The reasons I stopped here are quite complex: It is on the way to Paris, and my guidebook told me where the tourist office is. Took about 3 hours from Basel, and it was good to see the language change from ugly German that I don't understand to beautiful French that I sort of understand.

Troyes was burned down in a fire in 1524 and then rebuilt in the style of building one sees at Stratford-Upon-Avon: exposed timber frames with plaster mushed between the timber for insulation and privacy. Quite charming, the Ville Viex. I walked around the old village after relaxing in my blissfully air conditioned hotel room (the first since eva and I split) for a while, then walked the town.

After a while, it was dinner time.

One of the exciting things I've done when eating in France is usually pick out one word I know on the menu, and order that dish.

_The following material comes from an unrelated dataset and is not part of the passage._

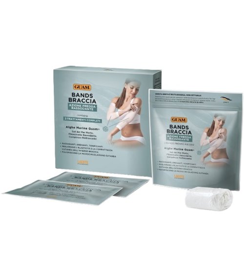Bands braccia. Azione fredda rassodante contiene 3 trattamenti completi Sostanze funzionali: alghe guam: Laminaria digitata e fucus vesiculosus. L'estratto acquoso di Alga laminaria è ottenuto con un processo di bioliquefazione enzimatica che permette di recuperare i suoi principi attivi in un fitocomplesso altamente disponibile e dal potere antiossidante 3 volte maggiore rispetto all'estratto tradizionale, per una protezione efficace contro lo stress ossidativo causato dall'esposizione agli agenti esterni. L'estratto glicerico del Fucus vesiculosus ha un'azione idratante e ammorbidente e proprietà astringenti, disarrossanti, tonificanti e deodoranti. Favorisce la vasodilatazione dei piccoli vasi, cosa che facilita la penetrazione attraverso la pelle dei suoi principi attivi. Fitoestratto rassodante: ippocastano, fieno greco, luppolo, edera, equiseto, amamelide, achillea. Composto ottenuto con un sistema d'estrazione ad ultrasuoni a bassa temperatura, che permette di massimizzare l'efficacia di complessi bioattivi vegetali; grazie alla sua composizione bilanciata svolge un'azione sinergica dalle spiccate attività rassodanti e drenanti. Sali del mar morto: sale estratto dall'omonimo mare sulle coste della giordania. Le acque del mar morto racchiudono la più alta e varia concentrazione al mondo di minerali; questo rende il sale un concentrato unico di materie prime eccellenti, come magnesio, potassio, calcio, sodio, bromo, note per le loro proprietà per il benessere e la salute della pelle. I sali del mar morto agiscono tramite il meccanismo di osmosi, processo che è alla base delle straordinarie proprietà depurative e drenanti dei sali. Complesso rinfrescante: l'associazione di mentolo e menthyl lactate genera una sensazione di freddo utile per dare tonicità e compattezza alla pelle delle braccia.

It works most of the time, though the biggest goof was in Marseilles when I recognized "Risotto" but not "calmar" (squid) or the words describing a sauce with a base of squid ink.

Last night I understood the word "veau," which means veal. I also ordered off the menu "une petit salade vert," or a small green salad. They delivered both at once, and the salad was huge, with each piece of lettuce big enough to serve as the sail on a French sailing ship from the 18th century.

As to the veal, I was expecting a nice small veal cutlet of some sort. But I had ordered the specialty of the house: "jarret de veau." Turns out that's a veal shank, and let me tell you: they have some big-ass cows here. This jarret was the size of a former French colony in Africa. As an added bonus, there was a surrounding layer of fat thick enough to act as George Bush's missile shield.

Of course it was all delicious and I was extremely full after this meal. I could barely make room for the 3 scoops of sorbet (mango, orange and raspberry.)

This morning I awoke and had to decide between 2 museums: Le Musee de Vauluisant or la Maison de l'Outil et de la Pensee Ouvriere. The first is the museum of hosiery; the second the museum of tools. With Eva I would have chosen the former; freed from her wily feminine ways of persuasion, I chose the latter.

The Musee has a collection of over 10,000 tools. All they needed was a TV, lazy-boy and the EuroSport channel, and I'd be in heaven. Okay, maybe a pint of Guinness, too. Anyway; the building itself was one of those built after the great fire and completed in 1550. Left in the will of Jean Mauroy to become an orphanage, it quickly instead became a place of child exploitation. By 1669, according to the guidebook, there were 65 looms and les enfants produced over 20,000 pairs of stockings and 3,000 bonnets each year.

The French Revolution put an end to this, and the building was used for other purposes until 1974. Paul Feller, a Jesuit Priest (and apparently a Marxist Jesuit Priest) turned it into a museum. He believed "it had already been proven that trade made a man...and he wanted the young apprentices who came to the museum to be faced with the history of their trade so as to awaken in them the desire to acquire the cultural knowledge inherent in its practice."

So there were tools, comrades. There were files, rasps, hammers, vices, trowels. There were woodcutter's tools, clogmaker's tools, carpenter's tools, wheelwright's tools, cooper's tools, basketmaker's tools, chairmaker's tools, upholsterer's tools, joiner's tools.

There were tools made for measuring and drawing, tools made for measuring, weighing and drawing, bows for making holes in stone or wood, tools for making holes in stone or wood, saddlemaker's tools, and, bien sur, toolmaker's tools.

And they were all used by the exploited proletariat to produce luxuries for the borguoises. Unfortunately, there were no merchants using the tools so I could make a saddle much like I had made paper the day before.

Finally, they had a library that included the 35 volumes of the Encyclopaedia of Diderot from 1751. Very nice.

Thats the dispatch. See you all in Paris.